ASSIGNED TASK ->
The expected output is the line with "Men’s Wallet, Full" plus all lines after it to the end of the material below, reproduced exactly, with pictures omitted and nothing else included.
□ □ □ □ □
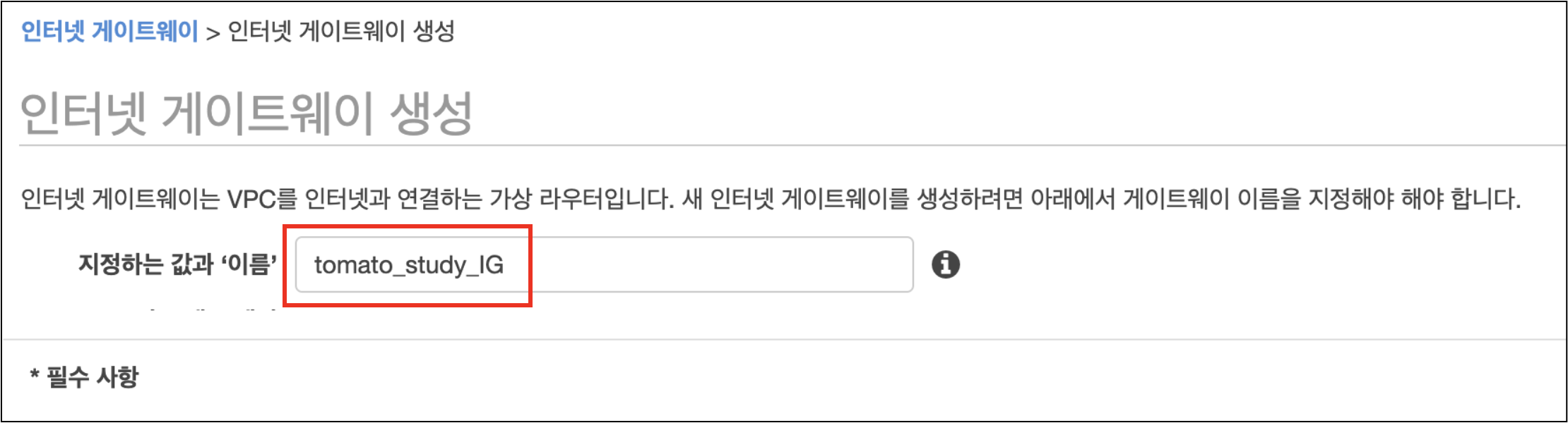 다섯번째로, VPC의 인터넷 사용을 위해 Internet Gateway를 생성
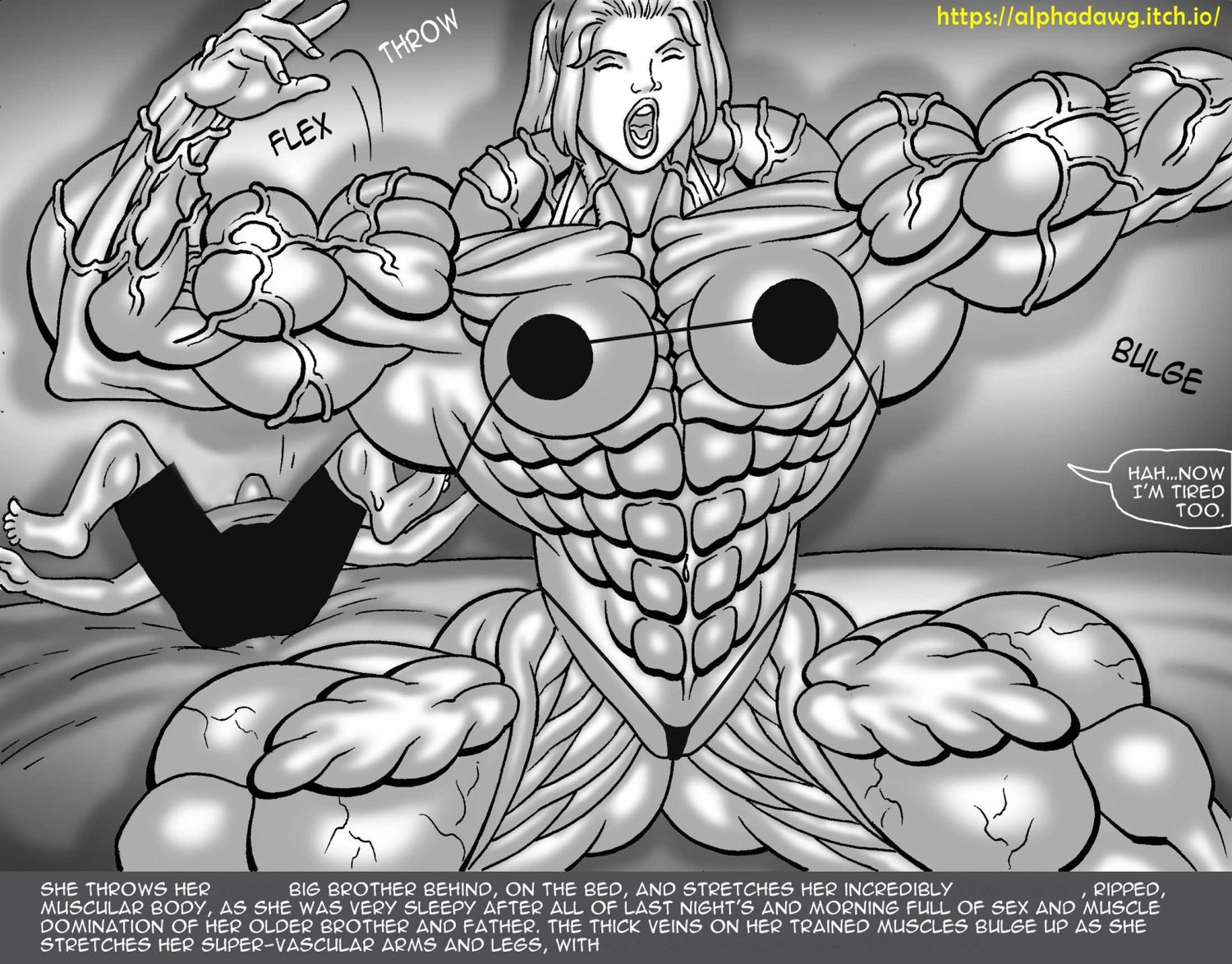Finally, after intimidating her BIG BROTHER with her PUMPED up Muscles enough, she decides to take a FINAL Photoshoot, where she FLEXES and PUMPS her Big HARD MUSCLES, BICEPS and PECS, while COMPARING them with her Big Brother and Father's thin Weak Male Bodies.
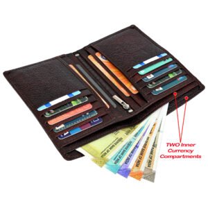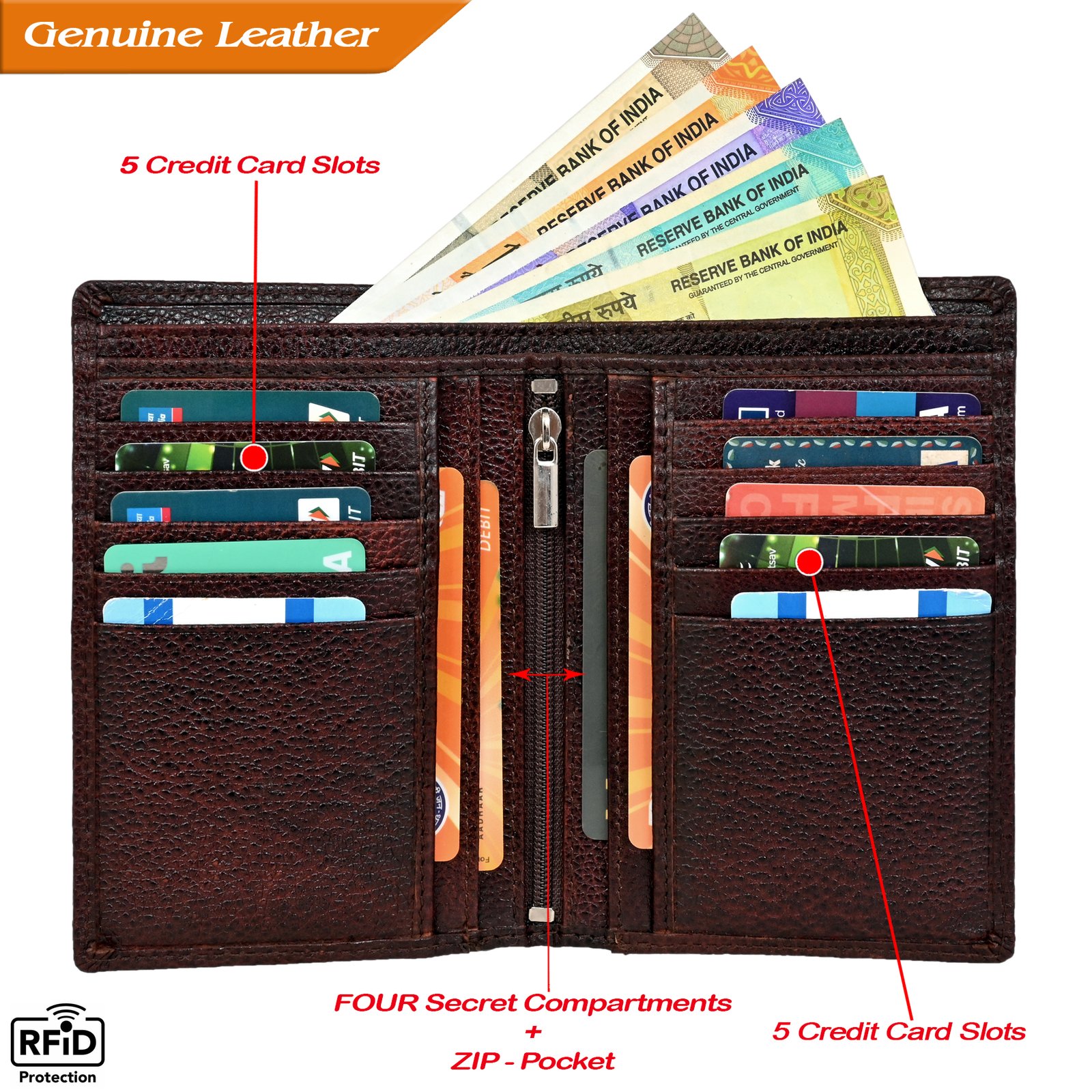 Men’s Wallet, Full Grain Leather, Note Case, 10 Card Slots with 1 Zip Pocket, Passport Pocket, 2 Currency and 4 Hidden Compartments, RFID Protected
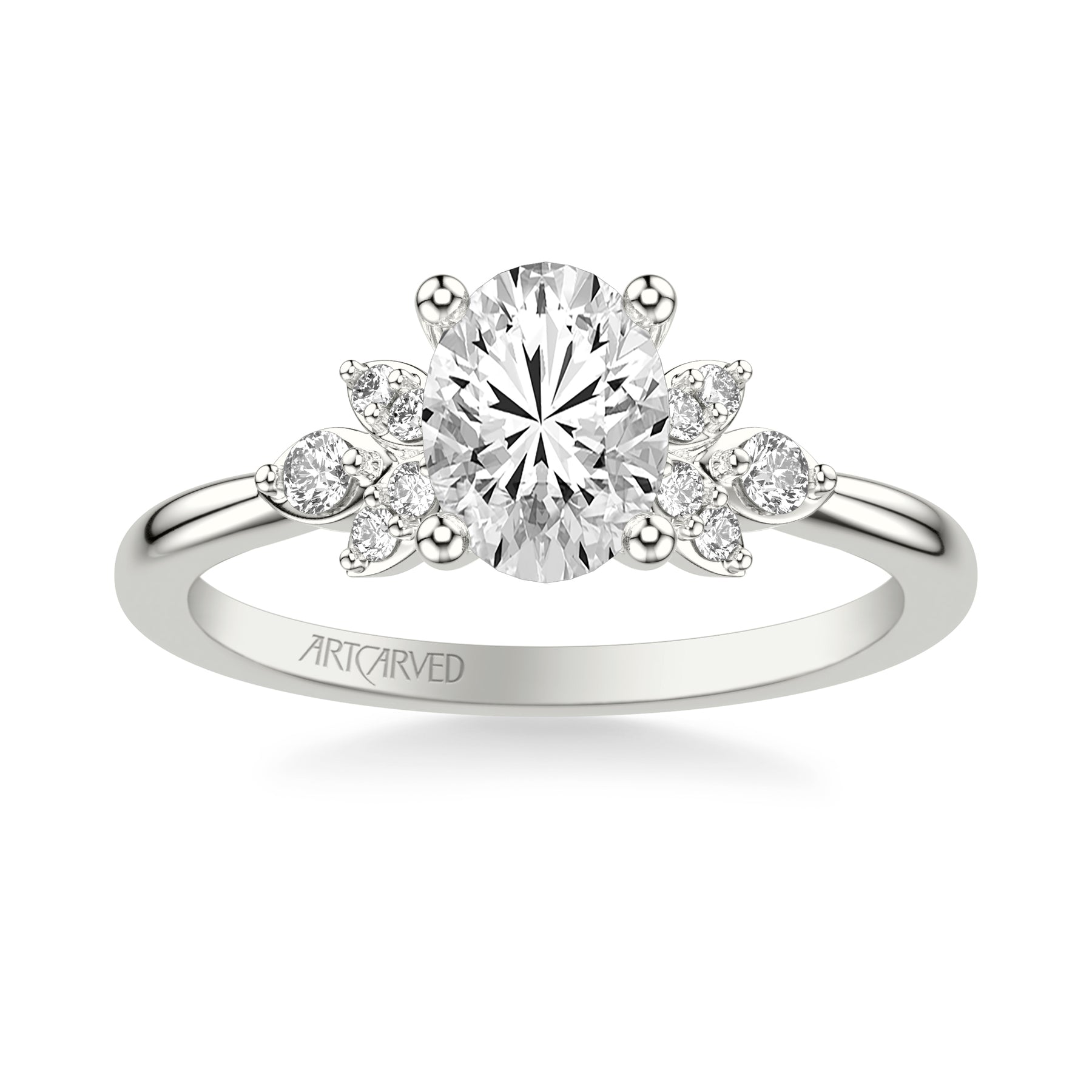 Floral Engagement Ring with Three Diamond Petals and Polished Shank
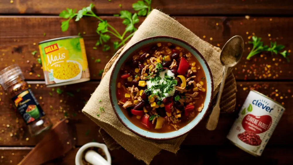 - 2 konzervyČervené fazole ve sladkoslaném nálevu
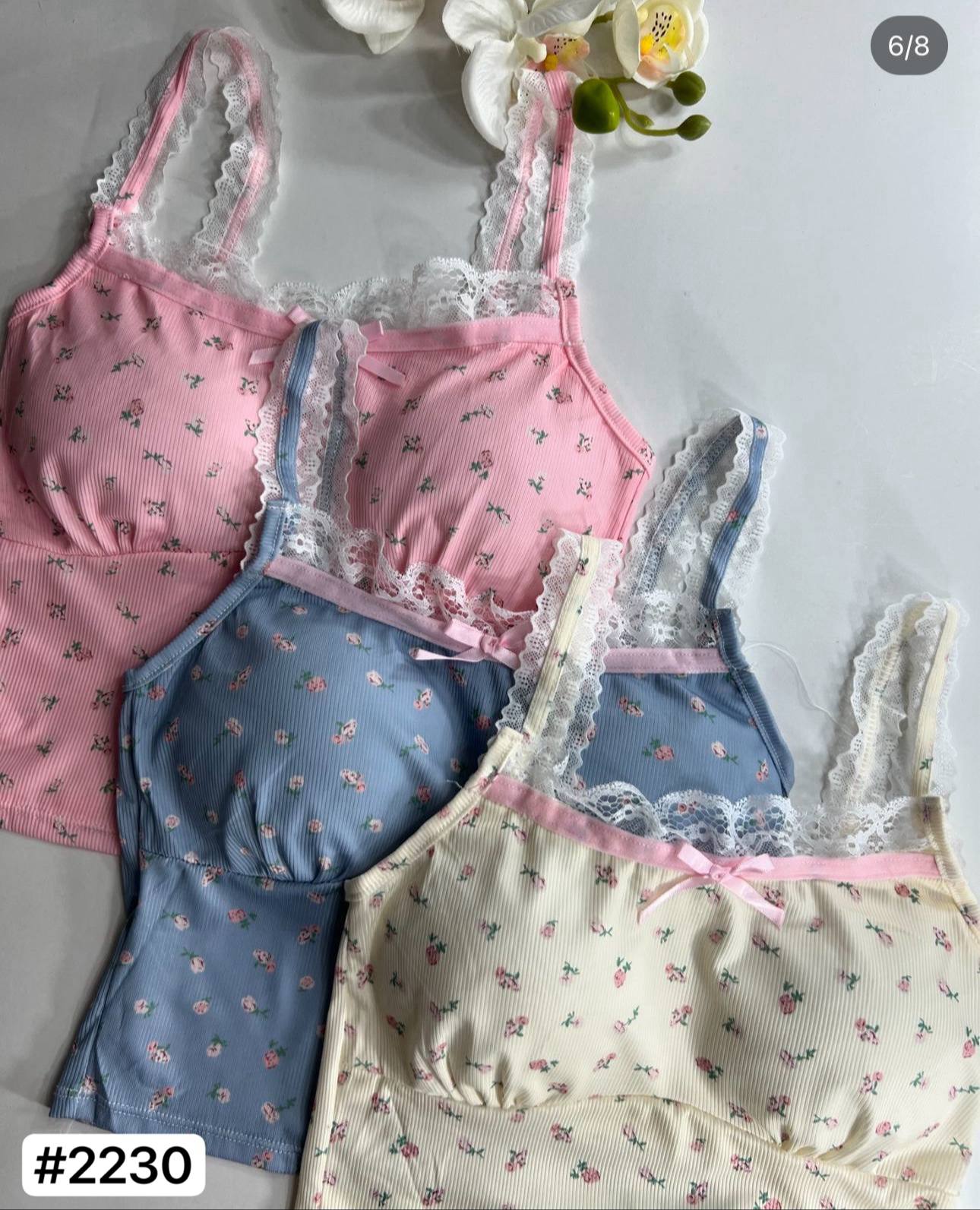 کراپ تاپ گلدار زنانه با بند ظریف و یقه گیپور – کیفیت عالی و تنخور جذب
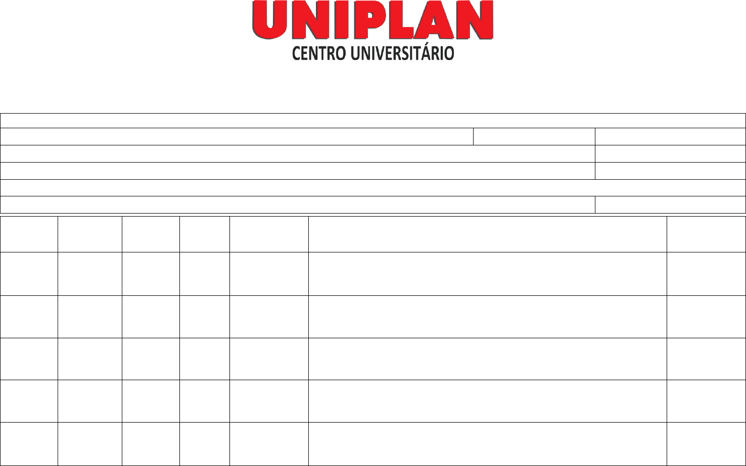 FICHA-MEIO DE ESTÁGIO SUPERVISIONADO “IN LOCO” Instituição: CENTRO UNIVERSITÁRIO PLANALTO DO DISTRITO FEDERAL - UNIPLAN Curso: Bacharelado em Educação Física Semestre: 5° Ano:2024 Aluno (a): Kacia de Souza Reis Matrícula:UL21105853 Supervisor (a) Orientador (a) do Estágio (IES): William Santos Pereira CREF: 007221-G/MA Concedente: Rancho Fitness Eireli Supervisor (a) de Campo: Leandro Salazar Costa Lima CREF: 006770-G/MA DATA ENTRADA SAÍDA HORAS DISCIPLINAS DESCRIÇÃO SUMÁRIA DA ATIVIDADE ASS. DO ALUNO(A) _________________________________________________________________________ _________________________________________________________________________ Supervisor Estágio/CONCEDENTE (Ass. E Carimbo/CREF) Prof. Orientador de Estágio/UNIPLAN (Ass. e Carimbo/CREF)
□ □ □ □ □
ANSWER TO THE EXERCISE ->
 Men’s Wallet, Full Grain Leather, Note Case, 10 Card Slots with 1 Zip Pocket, Passport Pocket, 2 Currency and 4 Hidden Compartments, RFID Protected
 Floral Engagement Ring with Three Diamond Petals and Polished Shank
 - 2 konzervyČervené fazole ve sladkoslaném nálevu
 کراپ تاپ گلدار زنانه با بند ظریف و یقه گیپور – کیفیت عالی و تنخور جذب
 FICHA-MEIO DE ESTÁGIO SUPERVISIONADO “IN LOCO” Instituição: CENTRO UNIVERSITÁRIO PLANALTO DO DISTRITO FEDERAL - UNIPLAN Curso: Bacharelado em Educação Física Semestre: 5° Ano:2024 Aluno (a): Kacia de Souza Reis Matrícula:UL21105853 Supervisor (a) Orientador (a) do Estágio (IES): William Santos Pereira CREF: 007221-G/MA Concedente: Rancho Fitness Eireli Supervisor (a) de Campo: Leandro Salazar Costa Lima CREF: 006770-G/MA DATA ENTRADA SAÍDA HORAS DISCIPLINAS DESCRIÇÃO SUMÁRIA DA ATIVIDADE ASS. DO ALUNO(A) _________________________________________________________________________ _________________________________________________________________________ Supervisor Estágio/CONCEDENTE (Ass. E Carimbo/CREF) Prof. Orientador de Estágio/UNIPLAN (Ass. e Carimbo/CREF)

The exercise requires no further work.